27-06-2026 01:45 pm Mary DeSantis
Developmental editors face the honor and struggle of being invited into an author’s most vulnerable work. As a result, it can be tempting to push authors out of the driver’s seat because “I know best.” In this way, developmental editing is like being the gamemaster of a role-playing game, a job that requires a meticulous eye for detail, a strong sense of story, and the ability to tell when players need to be left to their own devices or nudged in a new direction.
Introducing: Running solo RPG adventures to up your developmental-editing game.
Through a guided RPG session, this workshop teaches developmental editors how to use premade adventures to hone their collaboration skills. Come prepared to work through discomfort with imperfection, build feedback around a preexisting framework, and learn the difference between helping and hovering. And have some fun while doing it.
27-06-2026 01:45 pm
Shannon Scott
What is imposter syndrome? Why is so pervasive in the freelance editorial and story coaching world? How can you possibly overcome it?
Short answer: You can't. But you can learn valuable strategies for quieting that inner critic.

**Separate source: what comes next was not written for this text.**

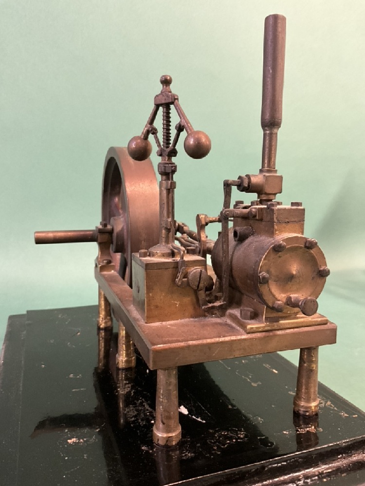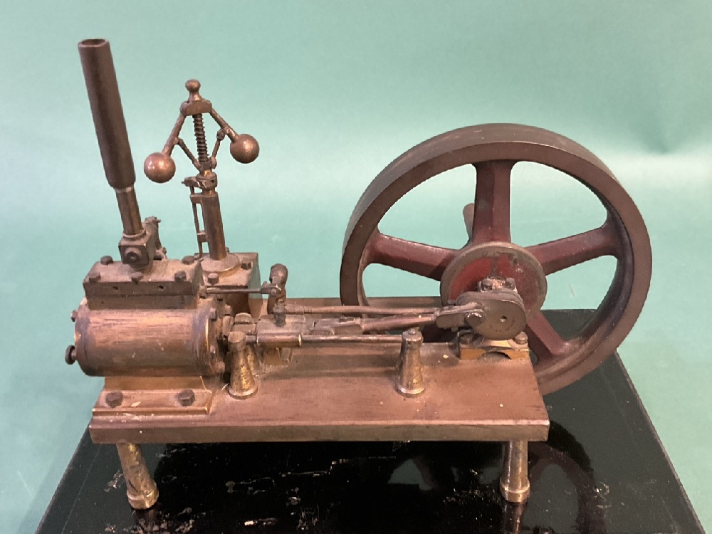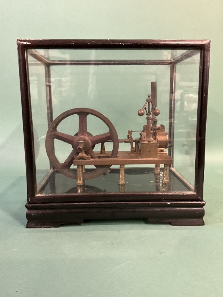 Small, Highly Detailed Iron/Brass Model Steam Engine in Newer Display Case. Working Governor.

This workshop will help you define the emotional, mental, and physical imposters holding you back from being the best version of yourself as a freelancer, while also providing clear strategies to highlight your strengths and downplay your weaknesses until you can evolve them into strengths. What's more, you'll learn how to build a personal and professional support network who will help you fight off imposter syndrome a little more each day.
27-06-2026 03:15 pm
Sohini Ghose
Editing is often framed as a technical process—correcting grammar, improving clarity, and strengthening structure. But the strongest editing also relies on less visible skills: empathy, intuition, and the ability to understand what a writer is trying to achieve before attempting to improve it. Writers entrust editors with work that may represent years of effort, personal experience, or deeply held ideas, and the way an editor approaches the editing process can profoundly shape a writer’s confidence and trust in the collaboration.
This session explores the practice of gentle editing: an approach that prioritizes preserving the author’s voice while strengthening clarity, structure, and resonance. This session moves beyond editorial feedback to examine the edit itself—how editorial decisions either honor or undermine voice, and how empathy sharpens rather than softens editorial judgment.
Drawing from examples in fiction and creative nonfiction, participants will learn practical strategies for editing with rigor while safeguarding voice, approaching manuscripts with curiosity rather than correction, and building the trust that sustains editor–author relationships.